Рядом мелкая розница — лоток под кисеей, под ней уже мертвые ломти — вялые, липкие, запекшиеся бурой арбузной сладостью, над ними ревет стая больших металлических лиловых мух (здесь их зовут шимпанскими). Тронешь ломоть — и сразу отдернешь руку — среди черных и желтых лакированных семечек замерли три или четыре хищницы с чутко подрагивающими тигриными туловищами.
— В-вот воды, воды! Кому свежей холодной воды! — заливаются чистые девчоночьи голоса, и только иногда среди них прорвется спокойный гекзаметр:
— А вот ароматные сладкие дыни! Кто купит?
— Ароматную сладкую дыню задаром. Кто купит?
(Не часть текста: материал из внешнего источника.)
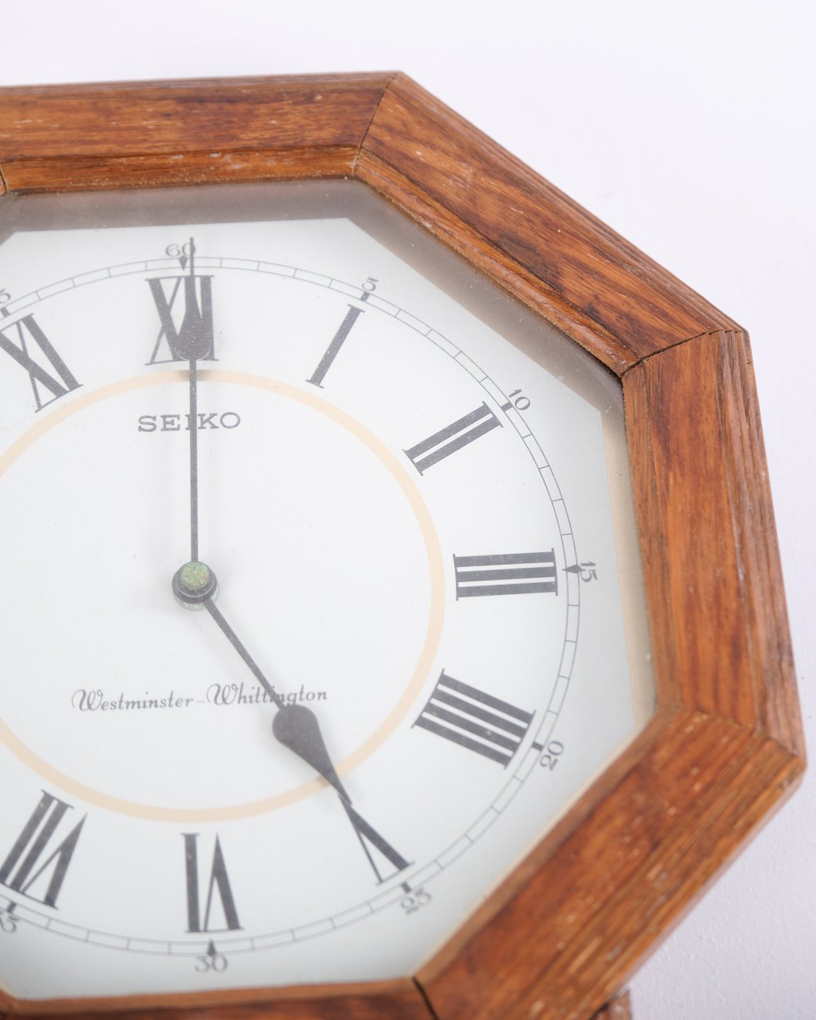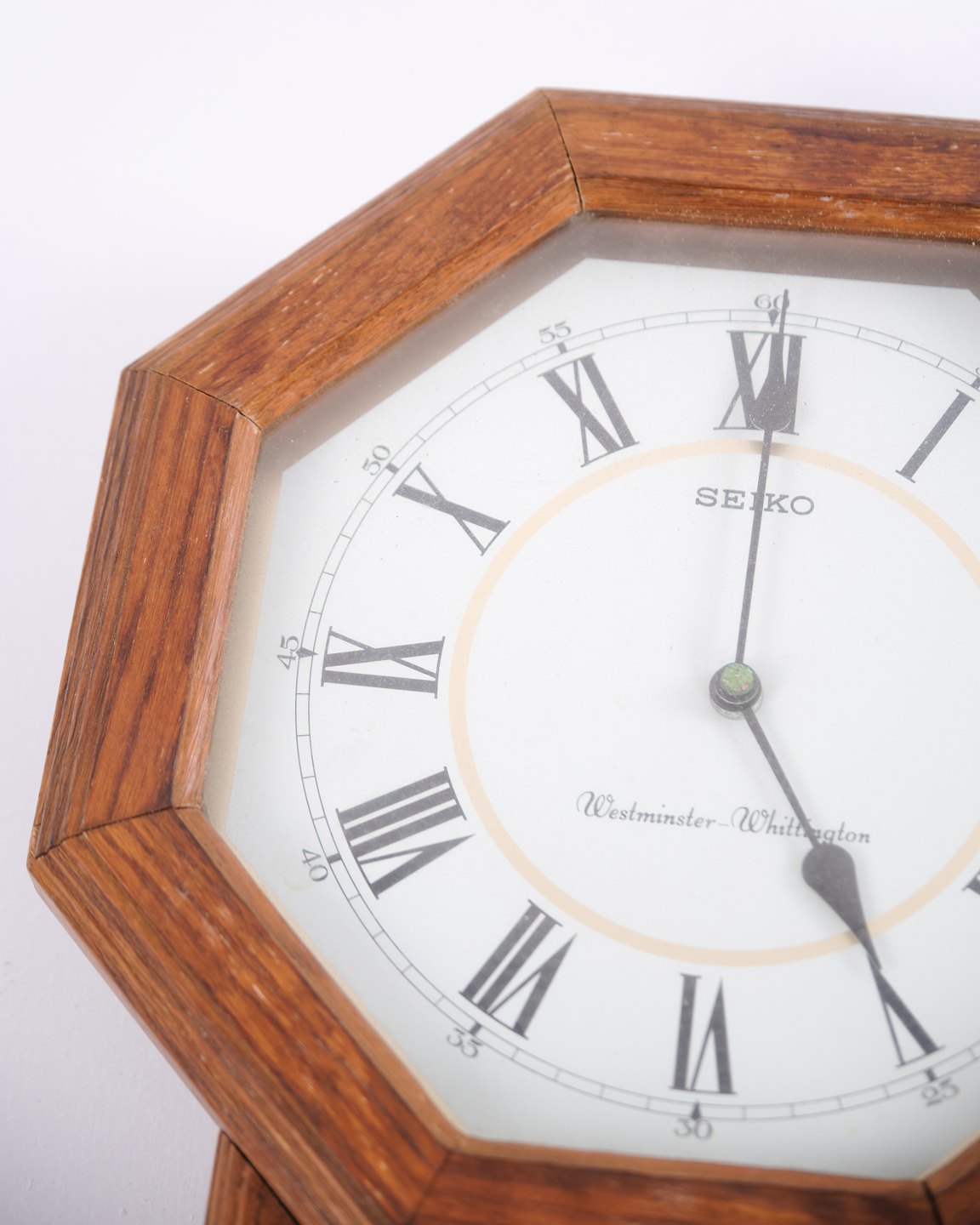 Vægur fra Seiko med Westminster og Whittington-kimemelodier. Udført i egetræ med klassisk front og klar urskive. Et kvalitetsur med præcis gang og et tidløst udtryk.

У ароматных сладких дынь свой ряд. Они товар нежный. Их не ссыпают навалом, их раскладывают в ряд на циновках. Есть дыни круглые, четко оформившиеся, с мягкими, обтекаемыми гранями — их зовут здесь кубышками. Но больше всего они похожи на какой-то внутренний орган неведомого чудовища — почку или сердце. Мясо у них оранжево-желтое или насыщенно зеленое, как шартрез. А есть еще дыни длинные, конические, как мины или межпланетные снаряды (так в то время их рисовали в журнале «Вокруг света»). Есть дыни золотистые, как осень, как листопад, как закат в спокойной воде пруда. Есть дыни, похожие на головы огромных тропических гадов, они в пятнах, потеках, пересветах, в хищных змеиных узорах. От дынь исходит еле уловимый аромат, и каждый, кто проходит по этим рядам, дышит им. И продавцы в этом ряду тоже иные, и покупатели тут не те, что табунятся вокруг арбузных пятитонок. Продавцы в этом ряду — старые солидные люди, узбеки или казахи — аксакалы с истовыми бородами, с бурыми иконописными лицами, в черно-белых тканых тюбетейках. Они не волнуются, не бегают, не кричат, они только поют: «А вот ароматные сладкие дыни». Подходи, смотри, плати деньги и уноси. Пробовать дыни дают не всякому. Это целый ритуал. Сначала ее секут напополам, потом снимают тончайший прозрачный срез и к лицу покупателя на острие длинного и тонкого, как жало, ножа возносится прозрачный розовый лепесток, бери в рот, соси и оценивай. И покупатель здесь свой. Около арбузов мальчишки, тетки, сезонники, шоферы, любители выпить. Арбуз, если нет ножа, просто колют о колено, а надколов, разрывают руками. Едят тут же, чавкая, истекая сладостью, урча, уходя в корку с носом, с глазами, чуть не до волос. Повсюду на земле валяются горбушки и шкурки. Дыню под мышкой уносят домой. И когда там ее положат на белое фаянсовое блюдо и поставят среди стола, то стол тоже сразу вспыхнет и станет праздничным. Такая она нежно-цветистая, такая она светящаяся, изнизанная загаром и золотом, в общем, очень похожая на дорогую майоликовую вазу.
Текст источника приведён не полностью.